• **GIVEN INFORMATION**
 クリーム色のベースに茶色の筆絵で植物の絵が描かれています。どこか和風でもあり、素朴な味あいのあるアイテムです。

* * *

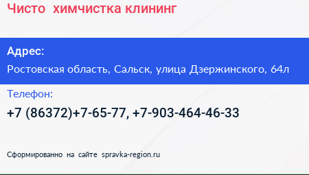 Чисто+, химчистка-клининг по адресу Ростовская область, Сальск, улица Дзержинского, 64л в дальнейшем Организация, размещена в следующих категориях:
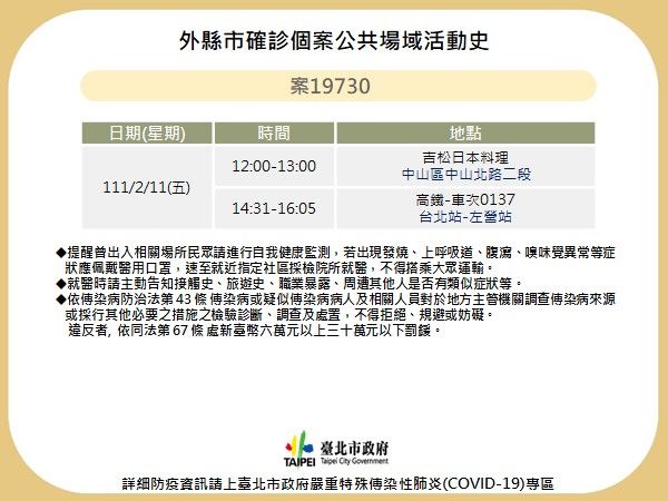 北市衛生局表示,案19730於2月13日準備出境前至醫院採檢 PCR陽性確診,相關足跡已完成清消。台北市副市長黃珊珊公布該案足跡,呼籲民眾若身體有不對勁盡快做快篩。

• **PROMPT**
Transcribe only the lines above that start at the line containing "Чисто+, химчистка-клининг по" and end at the line containing "北市衛生局表示,案19730". Omit pictures.

• **TASK RESULT**
 Чисто+, химчистка-клининг по адресу Ростовская область, Сальск, улица Дзержинского, 64л в дальнейшем Организация, размещена в следующих категориях:
 北市衛生局表示,案19730於2月13日準備出境前至醫院採檢 PCR陽性確診,相關足跡已完成清消。台北市副市長黃珊珊公布該案足跡,呼籲民眾若身體有不對勁盡快做快篩。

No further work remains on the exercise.